An Assyrian Christian organization has warned that Syria's Assyrian community could face a mass killing and has called on the international community to intervene, after militants from the Islamic State (IS) group abducted Assyrian Christians from villages in Syria's Hasakah Province.
Karam Dola, a member of the Assyrian Democratic Organization in Hasakah Province told Radio Free Iraq reporter Manar Abdulrazzaq on February 24 that militants had overran rural villages populated by Assyrian Christians at dawn on February 23.
"In Tel Hormuz there were not many families, but there were more than 13 people, elderly men, women and children who were kidnapped," Dola said.
According to Dola, up to 90 people from the village of Tel Shamiram are also considered missing.
"They were unable to escape when [the IS group] overran the area at dawn," Dola added.
The British-based group Syrian Observatory for Human Rights (SOHR), which monitors the violence in Syria via a network of contacts, also reported that at least 90 Assyrian Christians had been abducted by militants in Tel Shamiram and Tel Hormuz.
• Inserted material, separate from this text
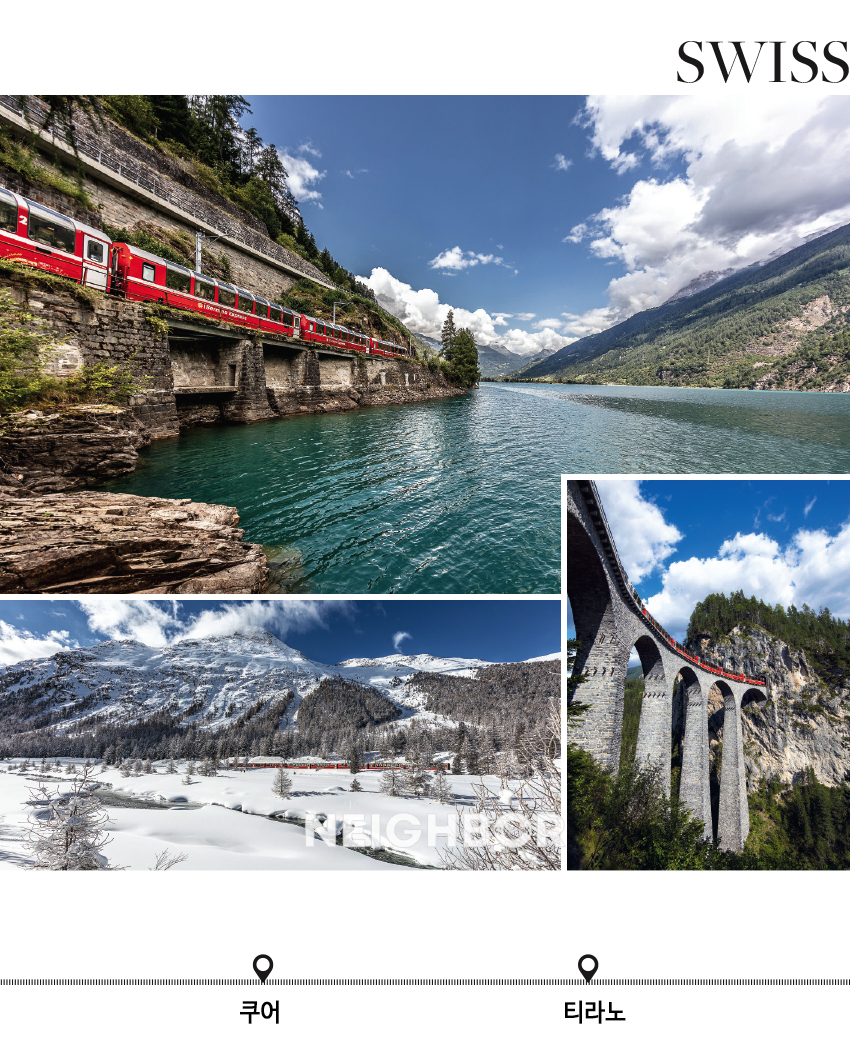 ¼³°æ°ú ¾ßÀÚ¼ö dz°æÀ» ¹Ý³ªÀý ¸¸¿¡ ¿À°¥ ¼ö ÀÖÀ»±î? À¯·´ ÁßºÎ¿Í ³²ºÎ¸¦ °¡·ÎÁö¸£´Â ÆÄ³ë¶ó¸¶ ¿Â÷ÀÎ º£¸£´Ï³ª ÀͽºÇÁ·¹½º¸¦ Ÿ¸é °¡´ÉÇÏ´Ù. ½ºÀ§½º ºÏºÎ ¿¨°¡µò ¾ËÇÁ½º°¡ ÀÖ´Â Äí¾î¿¡¼ Ãâ¹ßÇØ ½ºÀ§½º Æ÷½ºÅ°¾Æº¸, ÀÌÅ»¸®¾Æ Ƽ¶ó³ë¸¦ Á¾ÂøÁö·Î »ï´Â ½ºÀ§½º ´ëÇ¥ ÆÄ³ë¶ó¸¶ ¿Â÷´Ù. ÀÌ ¿Â÷´Â ´ëºÎºÐ ¼¼°è¹®ÈÀ¯»êÀ¸·Î ÁöÁ¤µÈ ·¡Æ¼¼Î ö·Î¸¦ µû¶ó ´Þ¸°´Ù. ¾ËºÒ¶ó·º£¸£´Ï³ª Áö¿ªÀ» °ÅÃÄ ½ºÀ§½º ¾ËÇÁ½º¸¦ Ⱦ´ÜÇÏ´Â ·¡Æ¼¼Î ö·Î´Â 13°³ÀÇ ÅͳÎ, 52°³ÀÇ °í°¡±³¿Í ±³·® µî 20¼¼±â ÃÊ Åä¸ñ °ÇÃàÀÇ ¹ßÀü°ú ÀÚ¿¬ÀÇ Á¶È¸¦ ÇÑ´«¿¡ °¨»óÇÒ ¼ö ÀÖ´Â ±æÀÌ´Ù. Äí¾î¿¡¼ Ãâ¹ßÇÑ ¿Â÷´Â ¶óÀΰÀ» µû¶ó°¡´Ù Á¡Á¡ ³ôÀº °íµµ·Î ÁøÀÔÇÑ´Ù. Áö¸®Àû À§Ä¡¿¡ µû¶ó °æ°üÀÌ Áö·çÇÒ Æ´ ¾øÀÌ ¹Ù²î´Âµ¥, ÇÏÀ̶óÀÌÆ®´Â ÇØ¹ß 1,048m¿¡ ¼¼¿öÁø ³ôÀÌ 65m, ±æÀÌ 1,063mÀÇ ¶õÆ®¹Ù¼ °í°¡±³(Landwasser Viaduct)´Ù. ¸¶Ä¡ °øÁß¿¡ ¶° ÀÖ´Â µí ¾ÆÂñÇÑ Çù°îÀÇ ¹Ù´Ú¿¡¼ºÎÅÍ º®µ¹À» Çϳª¾¿ ½×¾Æ ¿Ã·Á ¾ÆÄ¡ ±âµÕÀ» ¼¼¿ì°í ±× À§·Î ö·Î¸¦ ³õÀº °æÀÌ·Î¿î ±æ. ³ª¼±Çü Åͳΰú °è°îÀ» Áö³ª º£¸£´Ï³ª °í°³±îÁö ´õ ¿Ã¶ó°¡´Ù º¸¸é ¸ð¸£Å×¶óÄ¡ ºùÇÏ(Morteratsch Glacier)¿Í µ¿ºÎ ¾ËÇÁ½ºÀÇ °¡Àå ³ôÀº º£¸£´Ï³ªºÀµµ º¼ ¼ö ÀÖ´Ù. ´Ù½Ã ±¸ºÒ±¸ºÒÇÑ ±æÀ» µû¶ó ³·Àº °íµµ·Î ³»·Á¿À´Ù º¸¸é ±Ý¼¼ µû¶æÇÑ ³²±¹, Ƽ¶ó³ë¿ª¿¡ µµÂøÇÑ´Ù. ¿©¸§¿¡´Â ÄÚ¸ð È£¼ö¸¦ °ÅÃÄ ´Ù½Ã ½ºÀ§½º ·ç°¡³ë·Î °¡´Â Ư±Þ ¹ö½º ³ë¼± µîÀÌ Æí¼ºµÇ¾î ´õ¿í ¾ËÂù ¿©ÇàÀ» ÇÒ ¼ö ÀÖ´Ù.

Moreover, SOHR said that 14 Islamic State militants had been killed in U.S.-led air strikes east of the town of Tel Hamis in Hasakah.
Dola said that on February 24, 34 villages on the banks of the Khabur River in Hasakah province had been evacuated and residents moved to Hasakah town or to the town of Qamishli.
The Assyrian community in Syria is extremely concerned about the situation, according to Dola, who told Radio Free Iraq that there are about 600 Assyrian families in Hasakah province.
"We in the Assyrian Democratic Organization have sent out a distress call to the international community and to all national forces to immediately intervene and prevent the occurrence of [the] expected massacre," Dola said.
Dola warned that the Assyrian community in Syria is "at risk of extinction."
According to the pro-opposition Step News Agency, the Islamic State group's military commander in Syria, the ethnic Kist Umar Shishani, is leading the offensive in Hasakah. That news, which is plausible based on previous offensives in northern Syria, has not been independently reported on pro-Islamic State Russian-language social media.